I quickly sank my protruding fangs into a bag and sucked it dry. The satisfaction of quenching my vampiric thirst was a feeling that can't be described, but I guess if I had to, I would say that it was like an orgasm in my mouth. After the blood set into my system, I made my way down for real breakfast, only to find a letter on the table, "what's this?"

"I assume your boyfriend wants to make sure you are alright," he folded his paper enough to see me, "You should wipe your chin before appearing in front of people."

My eyes widened and I quickly rubbed the blood off my chin with my sleeve, "uh, thank you, professor, and Mercer is NOT my boyfriend."

"Yet, you were so willing to let him suck on your neck." He stated as he continued to read with me out of sight.

"I was intoxicated! And in the moment, I thought he was... Nevermind. " I didn't remember much, but all I could see was Severus in my memories, not Mercer.

"Mhmm." Was all he managed to say behind his paper.

I rolled my eyes, grabbed a plate of food, and went into the living room to eat, tossing the letter from Mercer into the fire.
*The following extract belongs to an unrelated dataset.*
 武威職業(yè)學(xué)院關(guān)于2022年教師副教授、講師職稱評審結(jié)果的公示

Severus can be such an arse most of the time, but my heart fluttered when I thought about the few times that he actually seemed like he had a heart.

Last night, for example, was a complete shock. Him offering up his own blood to help me, something that I view as an intimate act, made me feel hot and my face turned slightly red.
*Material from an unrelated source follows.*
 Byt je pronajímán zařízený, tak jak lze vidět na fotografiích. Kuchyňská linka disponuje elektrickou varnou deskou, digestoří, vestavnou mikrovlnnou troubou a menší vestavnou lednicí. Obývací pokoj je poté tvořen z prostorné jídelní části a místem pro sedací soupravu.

As I ate in silence, random memories from my childhood creeped up to the front of my thoughts. It doesn't happen often, but sometimes I will catch myself being dragged down by the trauma. I shook my head and quickly swallowed the last few bites I had before returning my plate to the kitchen sink, Severus still sitting there reading the paper.
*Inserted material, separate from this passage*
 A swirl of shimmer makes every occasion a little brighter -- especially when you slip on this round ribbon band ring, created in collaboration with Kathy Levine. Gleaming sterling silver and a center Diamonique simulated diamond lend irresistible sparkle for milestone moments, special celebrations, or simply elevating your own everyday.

"Don't you have a life?" I teased.

"I did before you came around."

I scoffed, but then quietly remarked, "if that were true, they would have found someone else to look after me."

I honestly didn't expect him to hear me, and it was mostly just me talking shit, but I guess it hit some nerve because he tossed his paper across the table and practically stomped into his study. I shrugged, not my fault he is so sensitive.

After that, the day was pretty quiet and it progressed so slowly. Obviously, there wasn't much to do in a potions professor's home. As one can imagine, there wasn't even a TV, just a bunch of old books and scrolls. It amazes me that Severus hasn't yet died from boredom. Unfortunately, the only choices of entertainment I have are to do some school work or read some of the books from the bookshelf. So, for the next week while Severus continued to sulk about my comment, I decided to read through some of the material he owned.

To be honest, I learned quite a lot, more than I would have in any Hogwarts class. I was pleased to find that he had such good taste in written works. However, the more time I spent alone, the more frequent the traumatic memories tried to front themselves. Sometimes, it feels like I am reliving them, but that is only if I can't push them aside quick enough.

Severus had said that he didn't want to be kept in the dark, and yet, he had been avoiding me all week. Was what I said really that bad? I felt like I should apologize, especially if he has been hurt about it this whole time. I worked up the courage to knock on his study door to apologize, but all I got was silence. I cracked open the door and peaked in, "professor?"